The plan, which was first reported by The Star-Ledger of Newark, is an alternative to one to merge Rutgers’ Camden campus into Rowan as part of a broader reorganization of higher education institutions in the state. Christie, a Republican, has said he wants the changes to take effect by July 1 though it’s certain that implementing the details would take well beyond then, possibly several years.

Rutgers-Camden students, faculty and alumni mostly oppose the merger, as does Rutgers’ Board of Trustees.
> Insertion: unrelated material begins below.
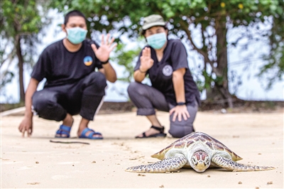 近日,在泰国罗勇府蒙奈岛海龟保护中心,南塔日卡博士(右)和同事将海龟放归自然。朱拉隆功大学水生动物研究中心主任南塔日卡博士是泰国知名水生动物专家,从业30余年来已累计救治龟类至少25000只,并帮助它们重返自然。2014年南塔日卡博士获颁“泰国杰出女性奖”,她说:“在她眼中,所有生命都值得被拯救。”摄影/新华社记者 王 腾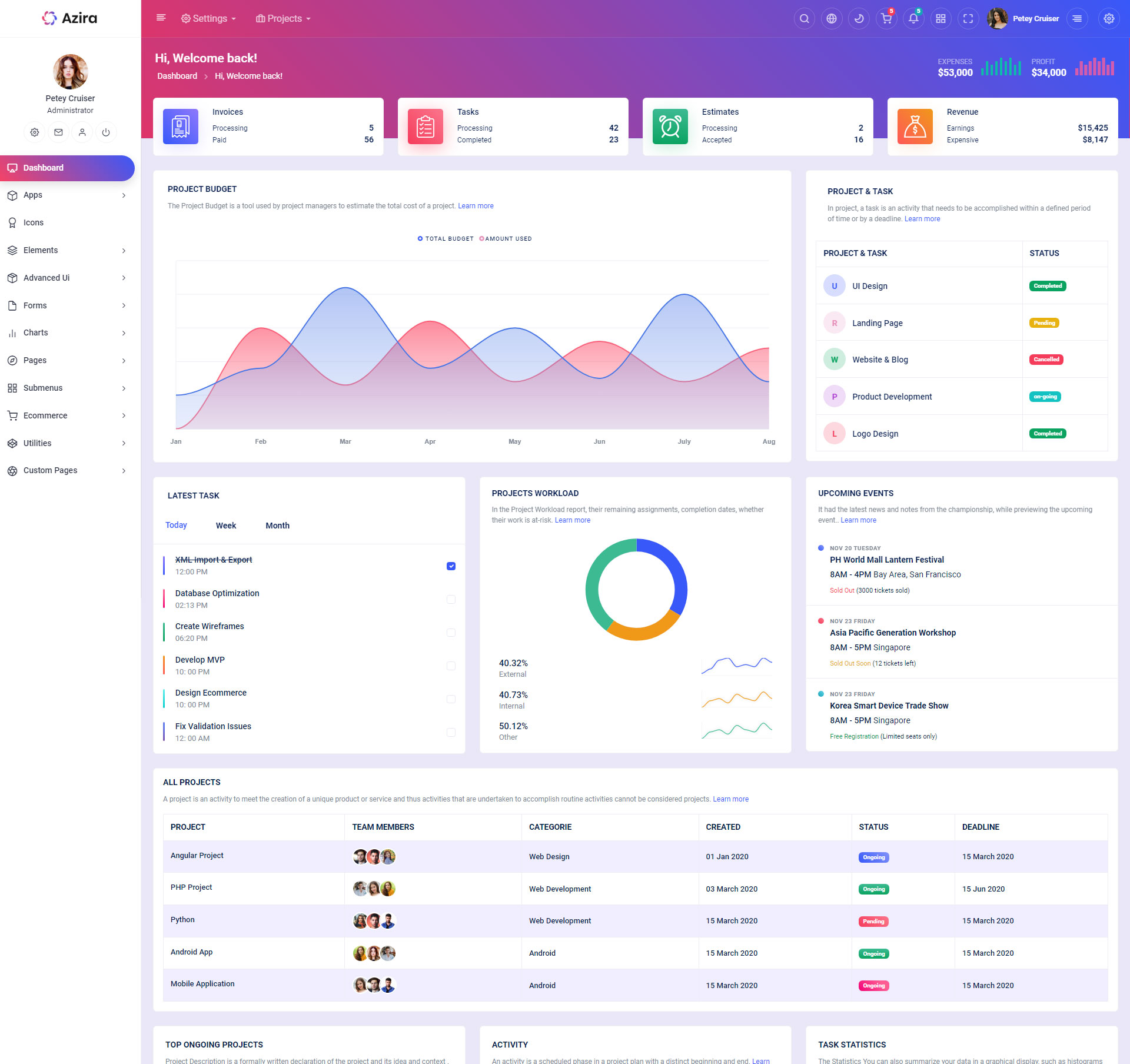 Azira React Javascript Admin Template Main Features

They object to losing  the respected Rutgers identity and say there would be problems in combining a campus of a research university with a state university that’s primarily a teaching university.

Christie has not signed off on the alternative plan, which is being hashed out by a group of lawmakers and higher education officials. Rutgers Vice President of Public Affairs Peter McDonough said that the new concept isn’t in writing.

It’s unclear how likely the proposal is to be implemented. Rowan spokesman Joe Cardona said the university, based in Glassboro, had not been apprised of the plan, though he said Rowan officials are glad state leaders are discussing how to expand higher education opportunities in southern New Jersey.

Democratic powerbroker George Norcross, who is pushing to create a research university in southern New Jersey, told The Associated Press on Monday night that no agreement is in place.

Christie and Norcross were due in Camden on Tuesday for the groundbreaking at a new cancer institute at the city’s Cooper University Hospital, where Norcross is the chairman of the board.

Cooper figures prominently in any changes to higher education in New Jersey because the hospital and Rowan are opening a new medical school later this year.

But Norcross said there was nothing on Tuesday’s agenda other than the groundbreaking.